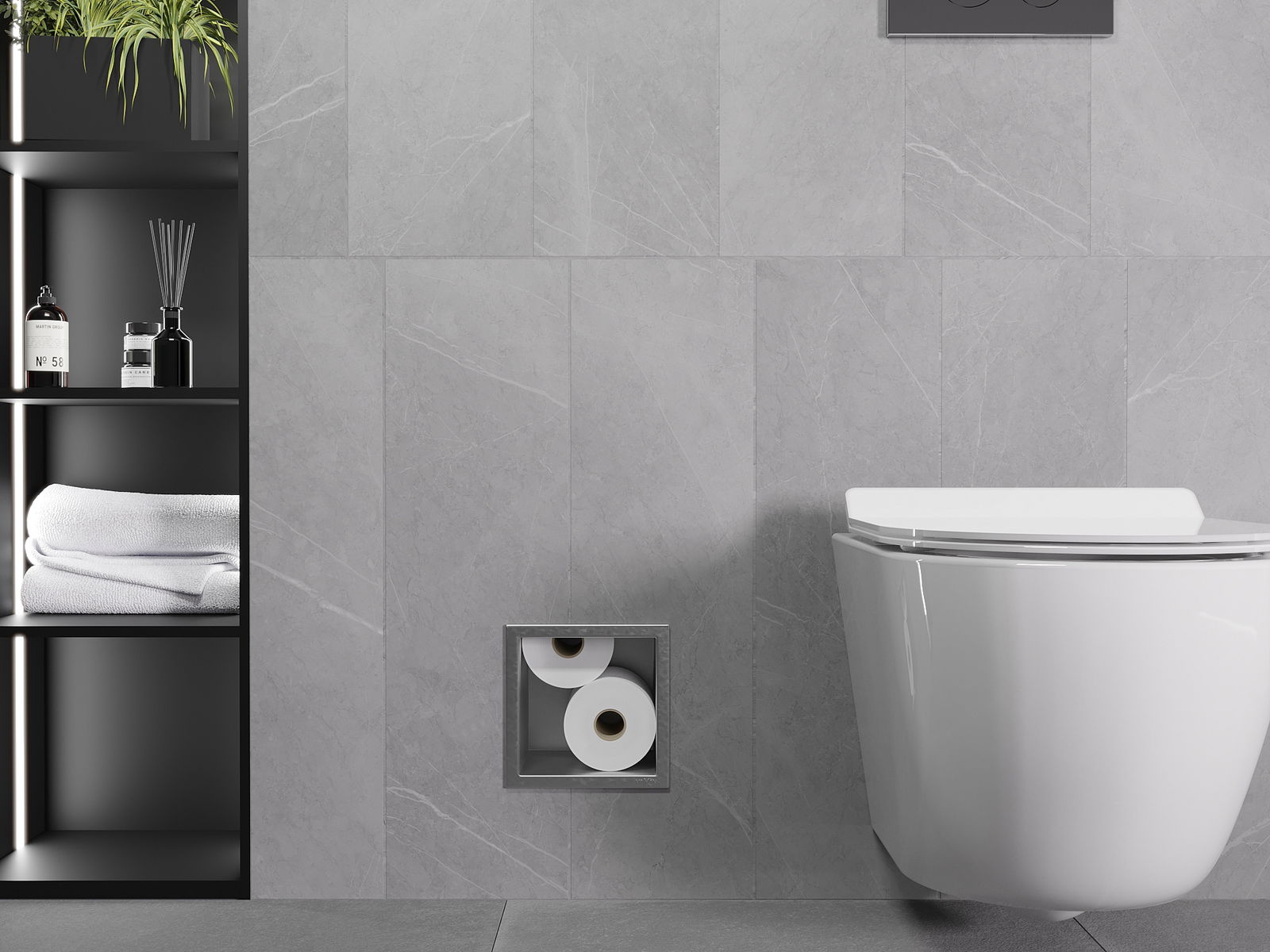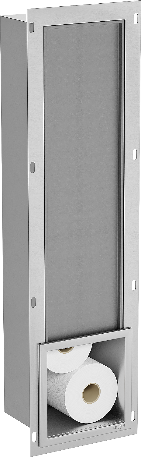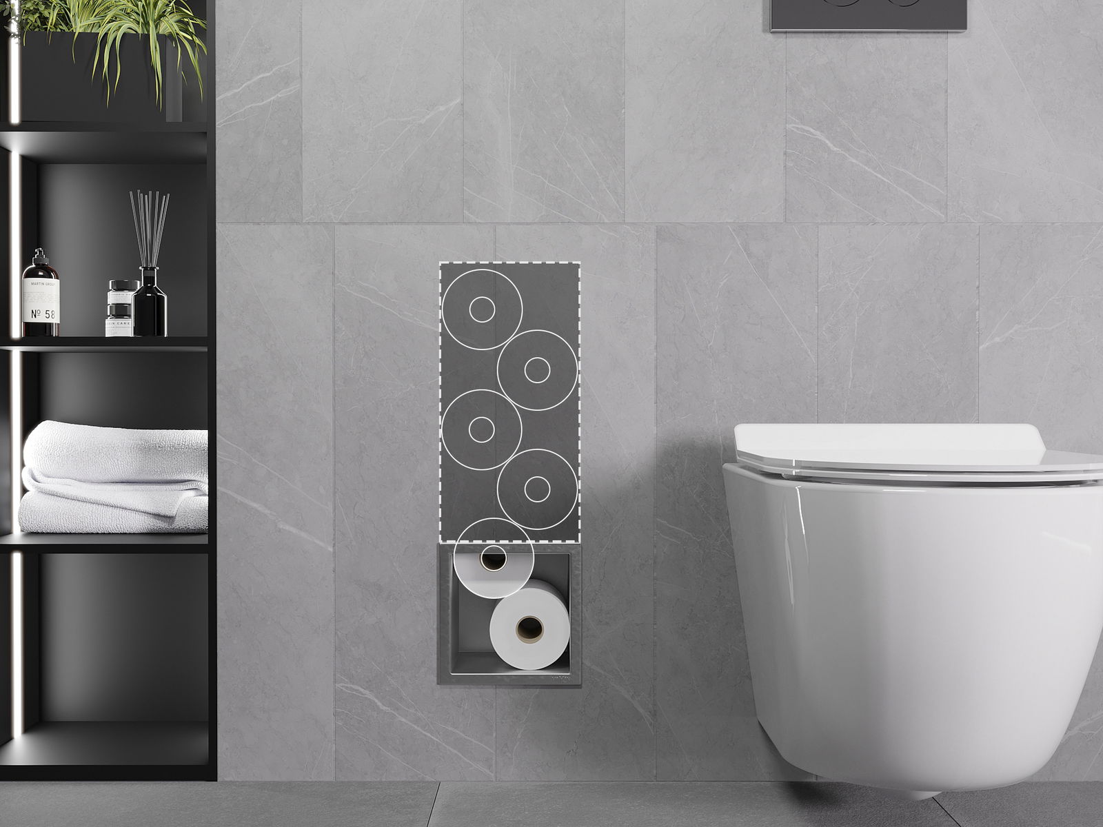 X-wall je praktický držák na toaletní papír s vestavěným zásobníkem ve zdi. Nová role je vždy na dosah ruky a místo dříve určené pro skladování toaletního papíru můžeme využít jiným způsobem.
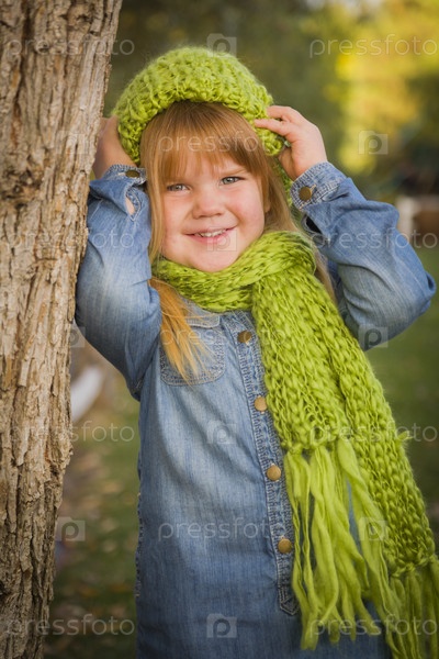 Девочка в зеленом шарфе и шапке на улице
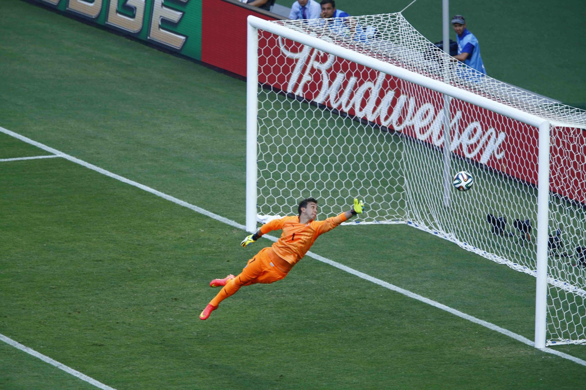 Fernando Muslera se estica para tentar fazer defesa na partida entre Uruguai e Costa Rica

========

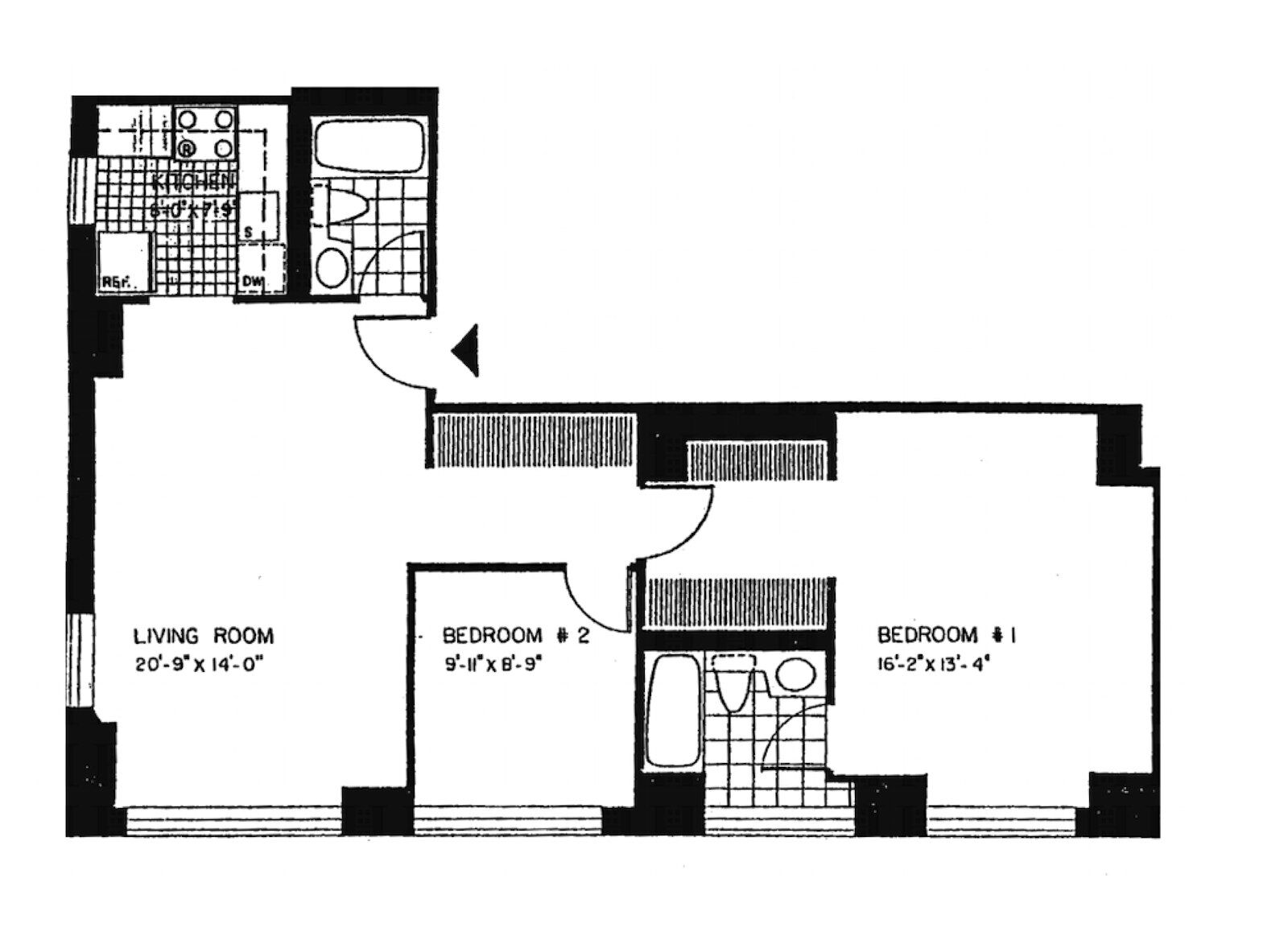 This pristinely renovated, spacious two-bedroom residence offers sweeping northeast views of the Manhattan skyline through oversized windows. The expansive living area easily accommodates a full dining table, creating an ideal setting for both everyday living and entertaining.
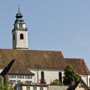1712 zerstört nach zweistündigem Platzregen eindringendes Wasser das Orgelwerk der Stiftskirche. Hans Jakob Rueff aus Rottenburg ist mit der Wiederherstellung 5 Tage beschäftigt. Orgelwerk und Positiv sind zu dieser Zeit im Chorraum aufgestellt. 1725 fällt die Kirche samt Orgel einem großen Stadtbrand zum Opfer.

========

### [Assignment]
From the material above, give again exactly the lines from the one that contains "Девочка в зеленом шарфе и шапке на улице" through the one that contains "Fernando Muslera se", and leave out the pictures.

### [Solution]
 Девочка в зеленом шарфе и шапке на улице
 Fernando Muslera se estica para tentar fazer defesa na partida entre Uruguai e Costa Rica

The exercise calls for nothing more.